Your objective – No pictures belong in the answer. Repeat all the entries exactly.

** Data for analysis follows **

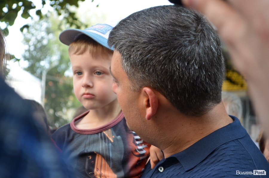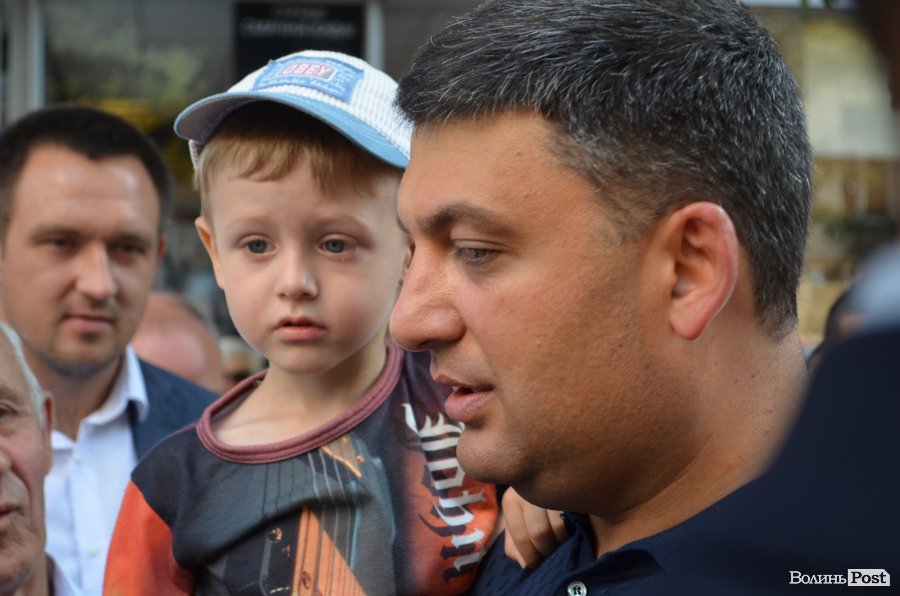 На кілька хвилин посадовець зупинився біля ююної скрипальки, яка вигравала класичну мелодію, та поспілкувався із маленьким лучанином Павлом та його мамою. Аби розмова вийшла приязнішою, Гройсман взяв хлопчика на руки.
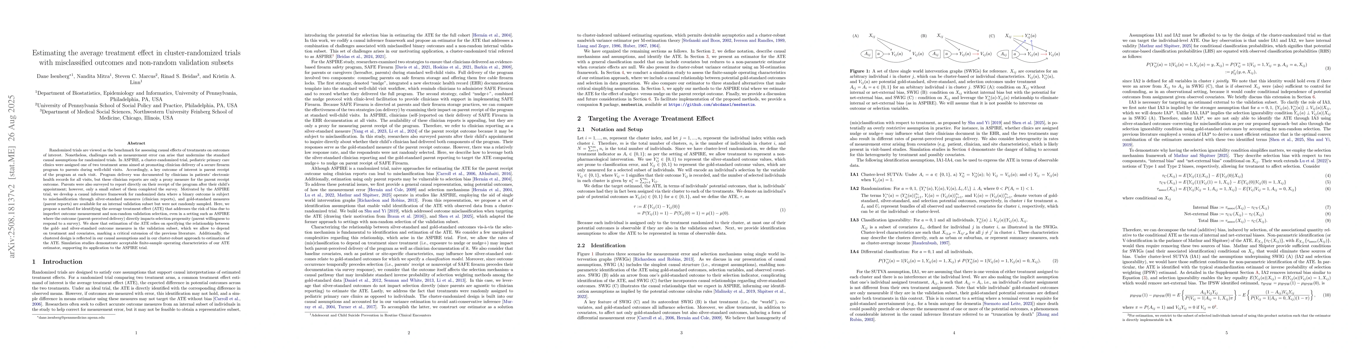 Randomized trials are viewed as the benchmark for assessing causal effects of treatments on outcomes of interest. Nonetheless, challenges such as measurement error can undermine the standard causal assumptions for randomized trials. In ASPIRE, a cluster-randomized trial, pediatric primary care clinics were assigned to one of two treatments aimed at promoting clinician delivery of a secure firearm program to parents during well-child visits. A key outcome of interest is thus parent receipt of the program at each visit. Clinicians documented program delivery in patients' electronic health records for all visits, but their reporting is a proxy measure for the parent receipt outcome. Parents were also surveyed to report directly on program receipt after their child's visit; however, only a small subset of them completed the survey. Here, we develop a causal inference framework for a binary outcome that is subject to misclassification through silver-standard measures (clinician reports), but gold-standard measures (parent reports) are only available for a non-random internal validation subset. We propose a method for identifying the average treatment effect (ATE) that addresses the risk of bias due to misclassification and non-random validation selection, even when the outcome (parent receipt) may directly impact selection propensity (survey responsiveness). We show that ATE estimation relies on specifying the relationship between the gold- and silver-standard outcome measures in the validation subset, which may depend on treatment and covariates. Additionally, the clustered design is reflected in our causal assumptions and in our cluster-robust approach to estimation of the ATE. Simulation studies demonstrate acceptable finite-sample operating characteristics of our ATE estimator, supporting its application to ASPIRE.
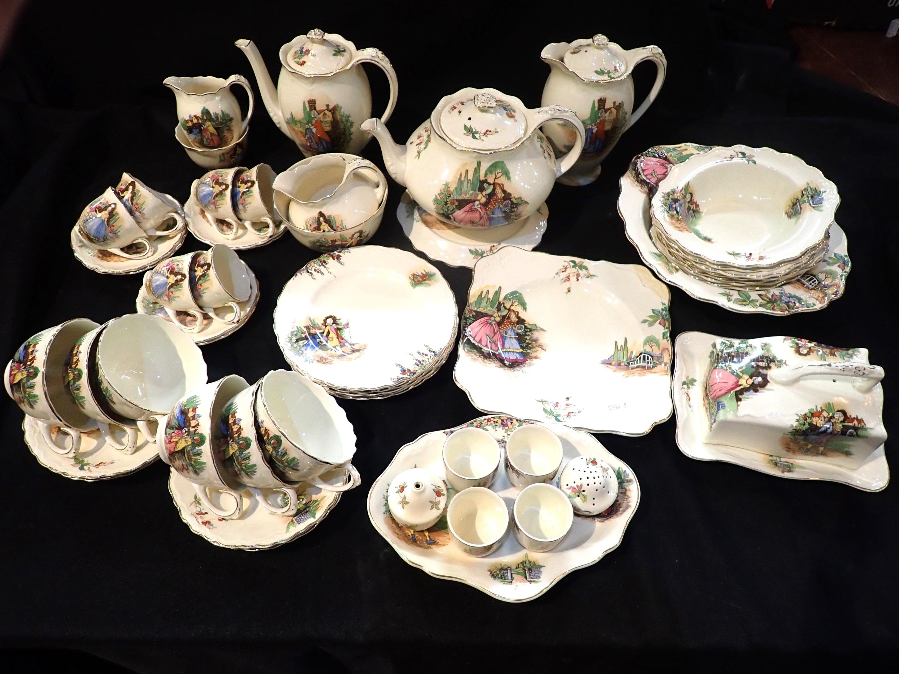 decorated with quaint early 19th scenes, with matching fruit dishes, egg cruet, and butter dish
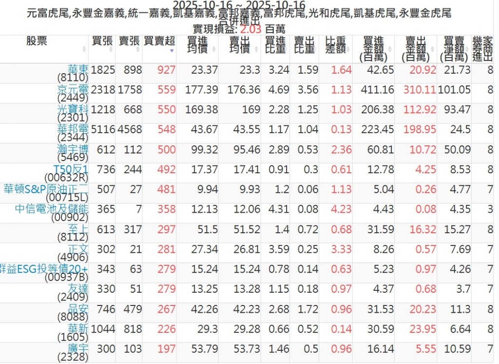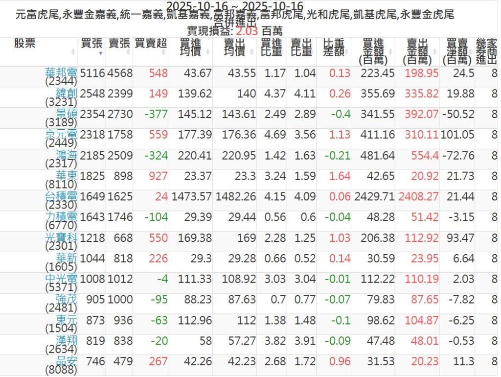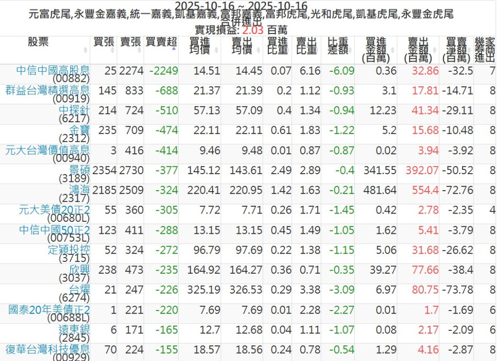 2025-1016主力買賣超個股 2025-10-16 股狗網小編 籌碼面每日資訊 發表留言 可參考下文 『如何查詢當沖、隔日沖分公司券商買賣』 主力當沖券商: 『元富虎尾』,『永豐金嘉義』,『統一嘉義』,『凱基嘉義』,『富邦嘉義』,『富邦虎尾』,『光和虎尾』,『凱基虎尾』,『永豐金虎尾』。 『當沖標的』 『買超股票』 『賣超股票』 免責宣言 本網站文章所提供資訊僅供參考,並無任何推介買賣之意,投資人應自行承擔交易風險。 分享此文: 按一下即可分享至 X(在新視窗中開啟) X 按一下以分享至 Facebook(在新視窗中開啟) Facebook 喜歡 正在載入...
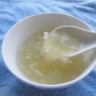 原料:干银耳、雪梨、枸杞、薏米、冰糖、柠檬。
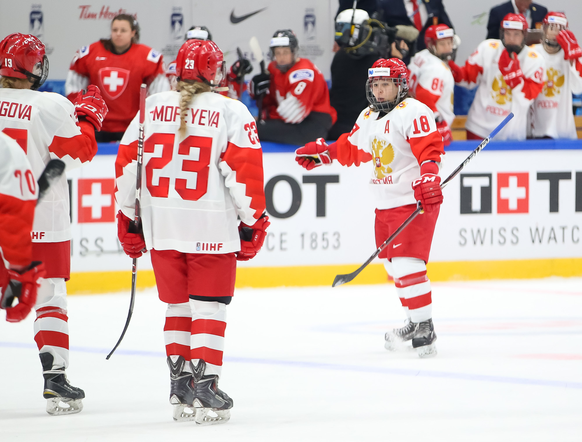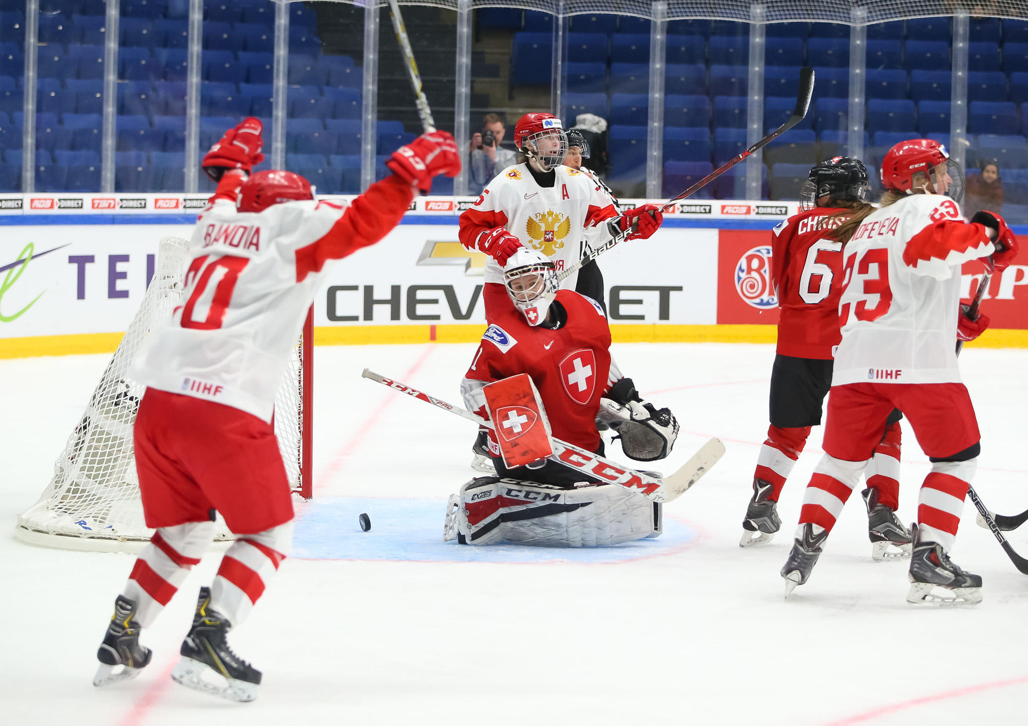 Anna Timofeyeva also scored for Russia. Evelina Raselli had the lone goal for Switzerland.
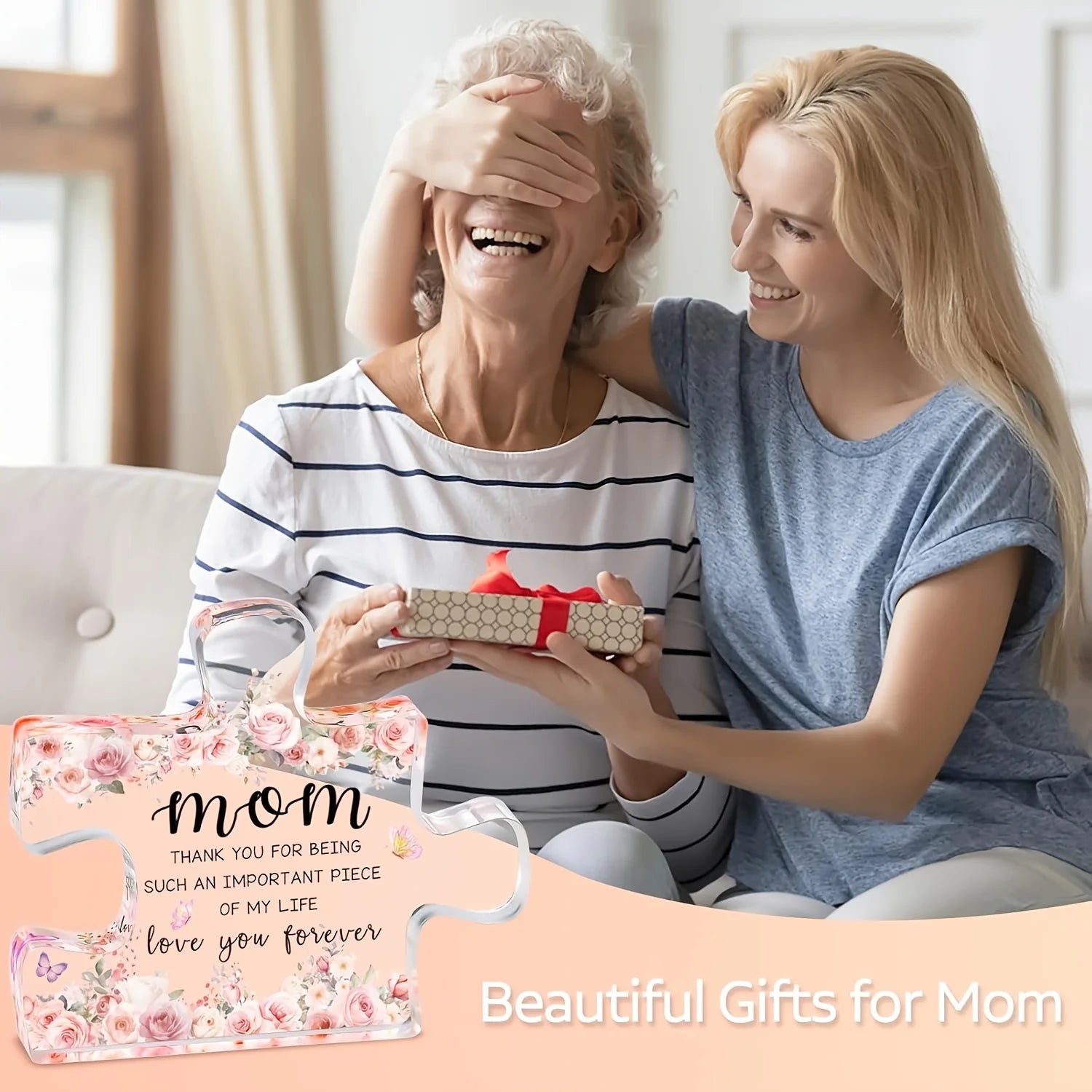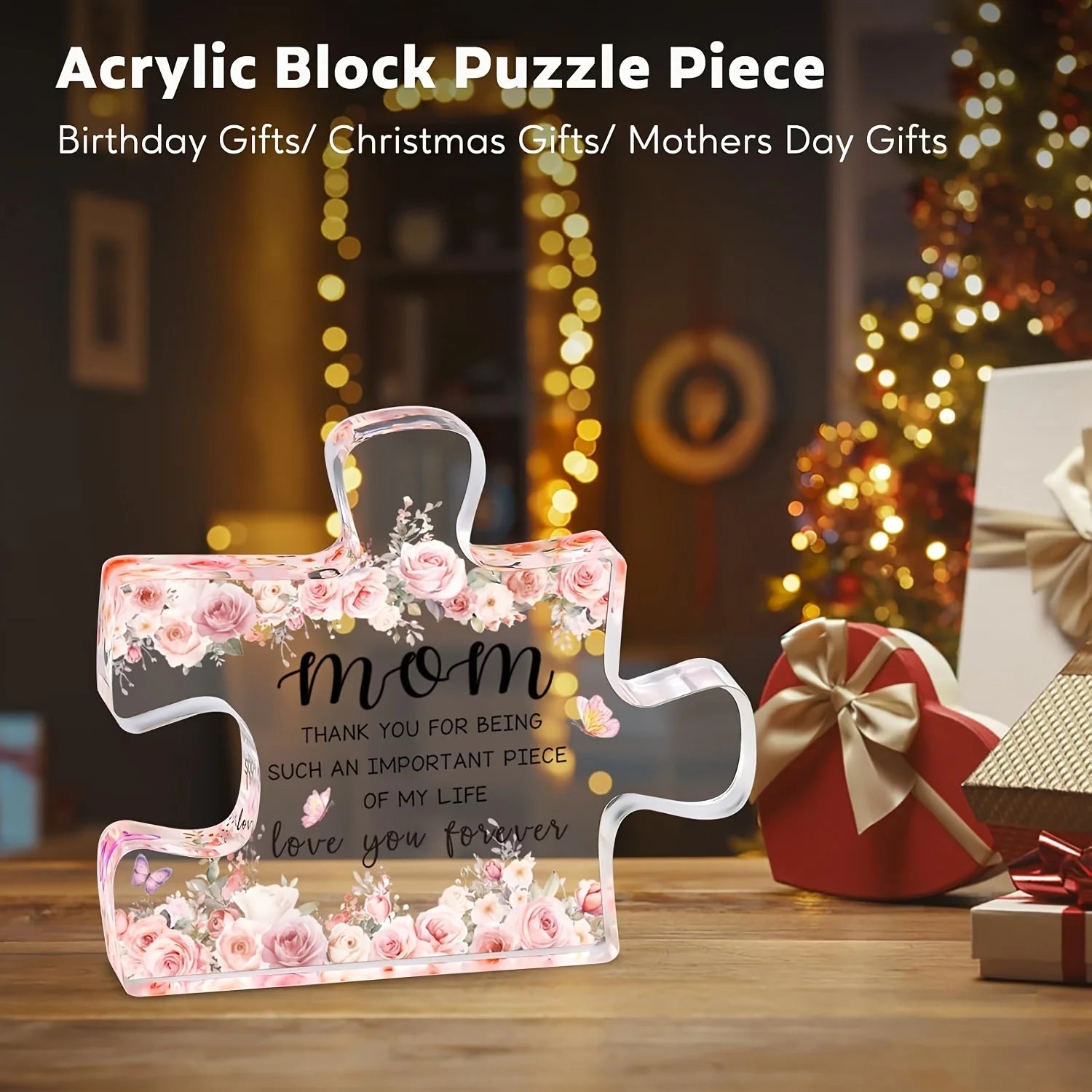 Gifts for Mom from Daughter, Son - Christmas, Mothers Day, Birthday Gifts for Mom, Unique Acrylic Block Puzzle Piece Gift

** End of Data for analysis **

Solution for this problem –
 На кілька хвилин посадовець зупинився біля ююної скрипальки, яка вигравала класичну мелодію, та поспілкувався із маленьким лучанином Павлом та його мамою. Аби розмова вийшла приязнішою, Гройсман взяв хлопчика на руки.
 Randomized trials are viewed as the benchmark for assessing causal effects of treatments on outcomes of interest. Nonetheless, challenges such as measurement error can undermine the standard causal assumptions for randomized trials. In ASPIRE, a cluster-randomized trial, pediatric primary care clinics were assigned to one of two treatments aimed at promoting clinician delivery of a secure firearm program to parents during well-child visits. A key outcome of interest is thus parent receipt of the program at each visit. Clinicians documented program delivery in patients' electronic health records for all visits, but their reporting is a proxy measure for the parent receipt outcome. Parents were also surveyed to report directly on program receipt after their child's visit; however, only a small subset of them completed the survey. Here, we develop a causal inference framework for a binary outcome that is subject to misclassification through silver-standard measures (clinician reports), but gold-standard measures (parent reports) are only available for a non-random internal validation subset. We propose a method for identifying the average treatment effect (ATE) that addresses the risk of bias due to misclassification and non-random validation selection, even when the outcome (parent receipt) may directly impact selection propensity (survey responsiveness). We show that ATE estimation relies on specifying the relationship between the gold- and silver-standard outcome measures in the validation subset, which may depend on treatment and covariates. Additionally, the clustered design is reflected in our causal assumptions and in our cluster-robust approach to estimation of the ATE. Simulation studies demonstrate acceptable finite-sample operating characteristics of our ATE estimator, supporting its application to ASPIRE.
 decorated with quaint early 19th scenes, with matching fruit dishes, egg cruet, and butter dish
 2025-1016主力買賣超個股 2025-10-16 股狗網小編 籌碼面每日資訊 發表留言 可參考下文 『如何查詢當沖、隔日沖分公司券商買賣』 主力當沖券商: 『元富虎尾』,『永豐金嘉義』,『統一嘉義』,『凱基嘉義』,『富邦嘉義』,『富邦虎尾』,『光和虎尾』,『凱基虎尾』,『永豐金虎尾』。 『當沖標的』 『買超股票』 『賣超股票』 免責宣言 本網站文章所提供資訊僅供參考,並無任何推介買賣之意,投資人應自行承擔交易風險。 分享此文: 按一下即可分享至 X(在新視窗中開啟) X 按一下以分享至 Facebook(在新視窗中開啟) Facebook 喜歡 正在載入...
 原料:干银耳、雪梨、枸杞、薏米、冰糖、柠檬。
 Anna Timofeyeva also scored for Russia. Evelina Raselli had the lone goal for Switzerland.
 Gifts for Mom from Daughter, Son - Christmas, Mothers Day, Birthday Gifts for Mom, Unique Acrylic Block Puzzle Piece Gift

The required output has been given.